Я надеюсь
Я надеюсь читать книгу онлайн
В книге «Я надеюсь…», написанной в форме живой беседы с писателем Г. Пряхиным, Раиса Максимовна Горбачева, жена первого Президента СССР, делится с читателем воспоминаниями о своем прошлом, пережитом, впечатлениями о сегодняшних событиях, происходящих в нашей стране. Читатель «из первых рук» получит также исчерпывающие ответы на вопросы «личного характера».
Внимание! Книга может содержать контент только для совершеннолетних. Для несовершеннолетних чтение данного контента СТРОГО ЗАПРЕЩЕНО! Если в книге присутствует наличие пропаганды ЛГБТ и другого, запрещенного контента - просьба написать на почту [email protected] для удаления материала
Думаю, Георгий Владимирович, не столько моя индивидуальность и не только многообразие человеческого мышления, подходов, оценок определяют эту противоречивость суждений. На мой взгляд, главным образом имеют значение другие обстоятельства. Возможно, прежде всего — сам факт моего открытого общественного появления.

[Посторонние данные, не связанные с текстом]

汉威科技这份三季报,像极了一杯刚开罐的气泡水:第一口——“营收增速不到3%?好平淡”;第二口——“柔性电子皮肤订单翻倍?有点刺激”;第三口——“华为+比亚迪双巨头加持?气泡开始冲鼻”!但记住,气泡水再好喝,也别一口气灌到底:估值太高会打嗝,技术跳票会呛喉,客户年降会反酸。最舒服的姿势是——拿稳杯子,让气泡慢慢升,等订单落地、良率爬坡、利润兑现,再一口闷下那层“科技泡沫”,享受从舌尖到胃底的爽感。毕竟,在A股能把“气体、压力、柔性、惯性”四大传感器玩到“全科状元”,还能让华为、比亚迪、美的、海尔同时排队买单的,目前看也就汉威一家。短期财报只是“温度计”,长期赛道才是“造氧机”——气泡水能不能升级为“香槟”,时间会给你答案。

Суть в том, что понятие «жена руководителя партии, страны» стало у нас весьма абстрактным, ни о чем не говорящим. И дело здесь не просто в супруге руководителя государства, как таковой. Мне кажется, это глубже. Речь об отношении к женщине вообще. Женщине-жене, к женщине-матери — особенно. Об их положении в нашем обществе. Мы говорили уже с Вами, что, немало сделав для женщин и детей, страна так и не смогла создать необходимых условий для реализации фактического равенства советской женщины. Для полноправного утверждения ее человеческого достоинства. К тому же произошло понижение, «уценка» в общественном сознании и общественном мнении роли семьи. А вместе с тем — обесценение и принижение роли женщины-матери, женщины-жены и — не торопитесь с выводами — мужчины-отца. Да-да, принижение роли женщины неизбежно «уценило» и значение мужчины в семье. Это взаимосвязанные вещи. Характерная мелочь: помню, еще в моем детстве все праздники, все торжества — общественные и семейные — семья отмечала вместе. Отец с матерью в гости шли — вместе, в клуб, на официальные торжества и мероприятия — вместе.

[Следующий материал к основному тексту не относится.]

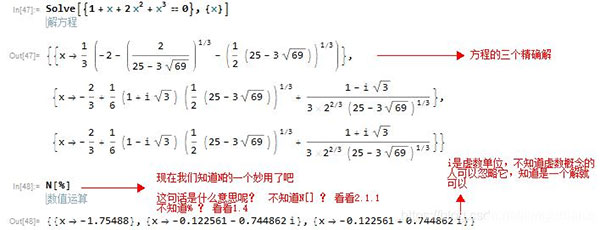 2、方程的求解:解方程需要用到Mathematica的几个内建函数,Slove[等式,{x}],Roots[等式,{x}],FindRoot[等式,{x,x0}],Mathematica总能对不高于4次的函数精确求解,其中Solve和Root用法相同,FindRoot针对解十分困难的方程时,我们通过图像大致知道解的范围,那么我们指定x0,程序会寻找在x0附近的一个解。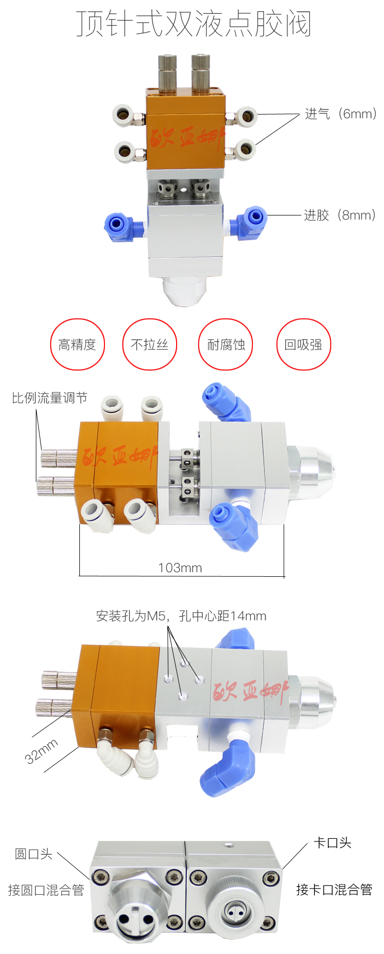 32T thimble type double liquid point glue valve high precision AB glue dispensing valve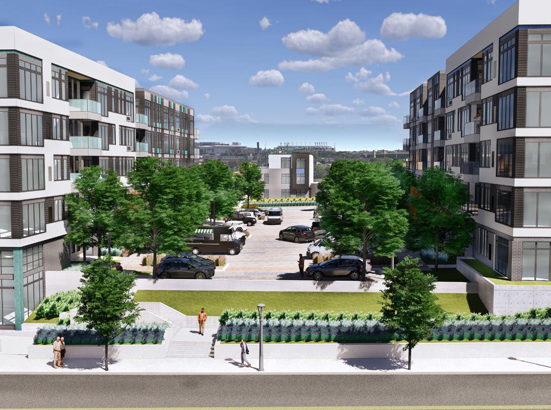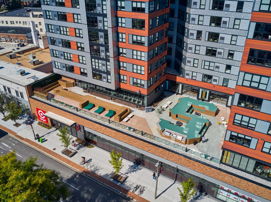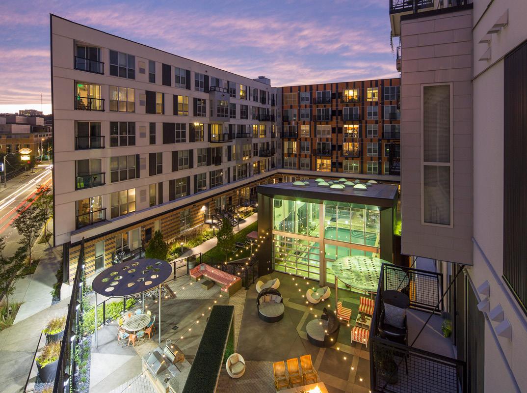 Courtyard-style residential building maximizing outdoor amenities and active street presence.

Не исключительной, а вполне естественной была, скажем, такая ситуация. У отца на работе торжественное собрание. В числе других передовиков и ему вручают грамоту или премию. Мать — тут же, в зале, вместе с другими женами сослуживцев отца. А через некоторое время, когда «торжественная часть» заканчивается, на той самой дощатой сцене, где только что вручали отцу почетную грамоту и жали руку, появляюсь — вместе со своими одноклассниками — и я. Концерт. Поем, пляшем перед ударниками, строим гимнастическую пирамиду… И я знаю, что самые благодарные, самые пристальные, самые «переживающие» мои зрители — отец с матерью, сидящие бок о бок где-нибудь в первых рядах. Всей семьей мы выезжали на пикник, на маевку — даже транспорт тогда выделяли, чтобы вся семья могла участвовать в том или ином событии, обязательно с детьми.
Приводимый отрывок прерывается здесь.